I want to say, of course literature is just as important, but this is something in the dead of night I kind of worry about. Why? You take away medicine, we’ve got real problems. You take away the sciences, you take away peace. ... Literature, does it deserve to be up there? Do I deserve to represent it? I’ve been saying for years, if you take away reading, take away literature, you take away something very, very important in the way we human beings communicate with each other. It’s not enough just to have knowledge of facts. We’ve got to somehow be able to communicate our feelings and our emotions. We’ve got to be able to tell each other what it feels like to be in different kinds of situations. Otherwise, we don’t know what to do with our knowledge.

(Handout)

When we create stories for movies or just stories that we tell each other when we meet, this is something very, very fundamental. Take that away, some bad things are going to happen. We’re just going to end up profoundly lonely and not be able to function as a civilisation.

Q: When you wake up in the morning and you feel the first spark of motivation to start your day, what is it that’s motivating you?

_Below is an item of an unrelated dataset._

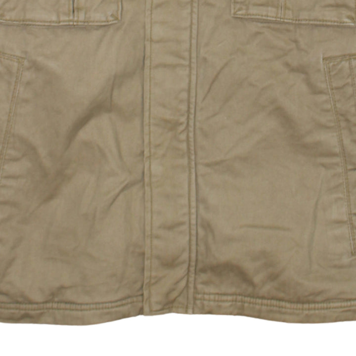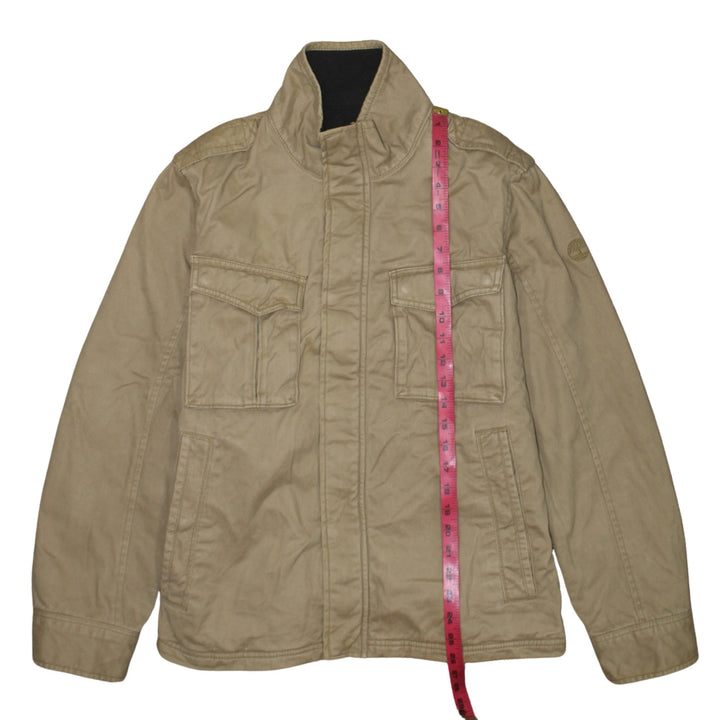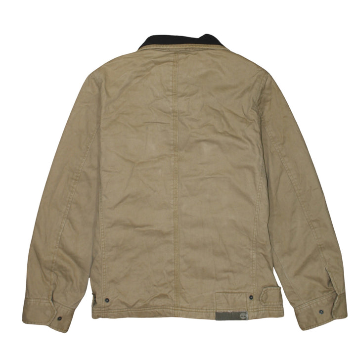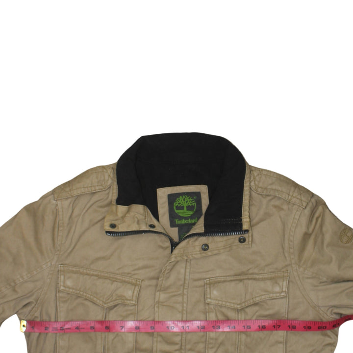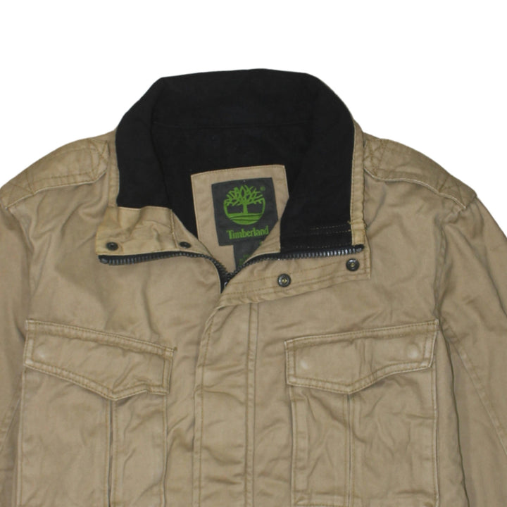 Timberland Beige Jacket Men's Small Zip Front Multi Pocket Embroidered Logo Outerwear

A: Like everybody, I’ve been missing company because of the pandemic and so on. Often I would have been getting up looking forward to some event, I’d be seeing somebody I want to see. I love conversations with strangers, with old friends, with members of my family. A conversation is something that always excites me because it’s always going to open up something new. We have had a lot to think about recently, not just about the pandemic, but about where we’re going as a society in the Western world. We’ve had many, many challenging things, and some of that you might think is depressing, but – I hate to say this, it feels in rather bad taste – but that’s kind of what gets me up in the morning. I think, “I’m going to find out more about this. I’m reading this, and this book is fascinating, and these ideas here are fascinating.” Some awful things have happened in the last year or so, and people have lost a lot of loved ones, but these are not uninteresting times.